**TASK**
Please output exactly the lines from the one containing "お忙しい中、玉井市長がご臨席 くださいました" through the end of the records below, leaving out any pictures.

.....

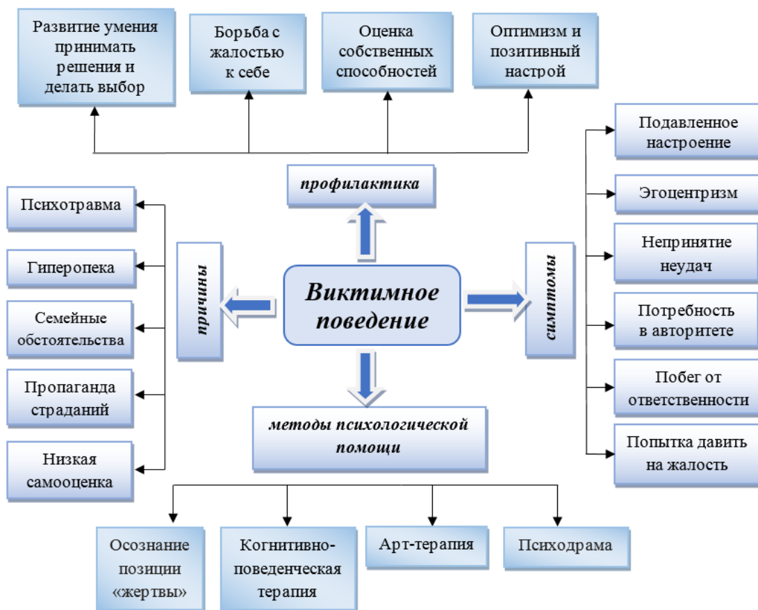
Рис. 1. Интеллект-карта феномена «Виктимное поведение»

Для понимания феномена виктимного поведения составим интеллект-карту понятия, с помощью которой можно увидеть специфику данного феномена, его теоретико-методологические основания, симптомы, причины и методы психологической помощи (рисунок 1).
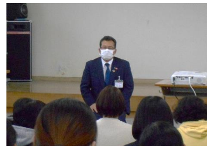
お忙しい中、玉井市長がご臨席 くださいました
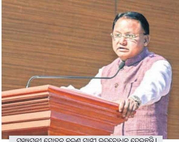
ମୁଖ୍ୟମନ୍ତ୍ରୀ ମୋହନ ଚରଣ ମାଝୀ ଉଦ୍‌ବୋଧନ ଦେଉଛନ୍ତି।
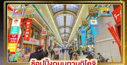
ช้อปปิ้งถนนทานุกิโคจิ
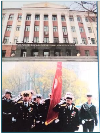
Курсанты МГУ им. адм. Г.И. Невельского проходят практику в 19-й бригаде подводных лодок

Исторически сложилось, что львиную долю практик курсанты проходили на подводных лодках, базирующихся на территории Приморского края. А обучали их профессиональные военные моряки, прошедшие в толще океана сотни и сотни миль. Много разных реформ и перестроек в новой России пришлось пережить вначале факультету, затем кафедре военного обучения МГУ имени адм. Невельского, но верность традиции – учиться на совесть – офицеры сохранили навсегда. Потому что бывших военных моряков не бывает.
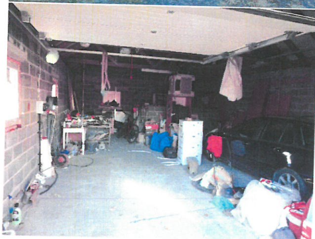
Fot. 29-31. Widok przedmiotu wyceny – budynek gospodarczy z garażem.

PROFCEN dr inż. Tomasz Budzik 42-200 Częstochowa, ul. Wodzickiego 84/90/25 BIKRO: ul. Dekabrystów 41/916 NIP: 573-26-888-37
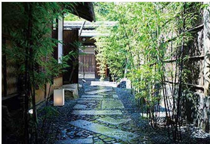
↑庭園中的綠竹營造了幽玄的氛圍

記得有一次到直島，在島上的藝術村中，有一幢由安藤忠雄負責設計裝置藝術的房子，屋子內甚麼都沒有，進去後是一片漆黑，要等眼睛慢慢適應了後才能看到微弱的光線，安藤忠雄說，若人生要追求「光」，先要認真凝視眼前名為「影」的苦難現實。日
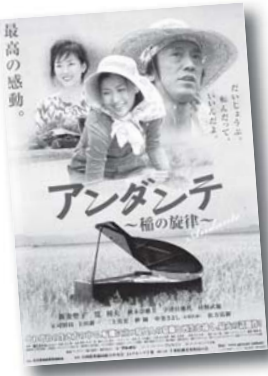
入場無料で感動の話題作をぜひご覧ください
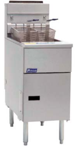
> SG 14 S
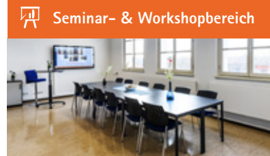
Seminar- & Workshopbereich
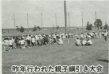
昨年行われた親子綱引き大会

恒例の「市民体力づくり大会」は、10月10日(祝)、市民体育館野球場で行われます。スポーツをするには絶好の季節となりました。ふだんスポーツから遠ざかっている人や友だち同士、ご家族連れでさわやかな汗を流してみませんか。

.....

**SOLUTION FOR THIS TASK**
お忙しい中、玉井市長がご臨席 くださいました
ମୁଖ୍ୟମନ୍ତ୍ରୀ ମୋହନ ଚରଣ ମାଝୀ ଉଦ୍‌ବୋଧନ ଦେଉଛନ୍ତି।
ช้อปปิ้งถนนทานุกิโคจิ
Курсанты МГУ им. адм. Г.И. Невельского проходят практику в 19-й бригаде подводных лодок

Исторически сложилось, что львиную долю практик курсанты проходили на подводных лодках, базирующихся на территории Приморского края. А обучали их профессиональные военные моряки, прошедшие в толще океана сотни и сотни миль. Много разных реформ и перестроек в новой России пришлось пережить вначале факультету, затем кафедре военного обучения МГУ имени адм. Невельского, но верность традиции – учиться на совесть – офицеры сохранили навсегда. Потому что бывших военных моряков не бывает.
Fot. 29-31. Widok przedmiotu wyceny – budynek gospodarczy z garażem.

PROFCEN dr inż. Tomasz Budzik 42-200 Częstochowa, ul. Wodzickiego 84/90/25 BIKRO: ul. Dekabrystów 41/916 NIP: 573-26-888-37
↑庭園中的綠竹營造了幽玄的氛圍

記得有一次到直島，在島上的藝術村中，有一幢由安藤忠雄負責設計裝置藝術的房子，屋子內甚麼都沒有，進去後是一片漆黑，要等眼睛慢慢適應了後才能看到微弱的光線，安藤忠雄說，若人生要追求「光」，先要認真凝視眼前名為「影」的苦難現實。日
入場無料で感動の話題作をぜひご覧ください
> SG 14 S
Seminar- & Workshopbereich
昨年行われた親子綱引き大会

恒例の「市民体力づくり大会」は、10月10日(祝)、市民体育館野球場で行われます。スポーツをするには絶好の季節となりました。ふだんスポーツから遠ざかっている人や友だち同士、ご家族連れでさわやかな汗を流してみませんか。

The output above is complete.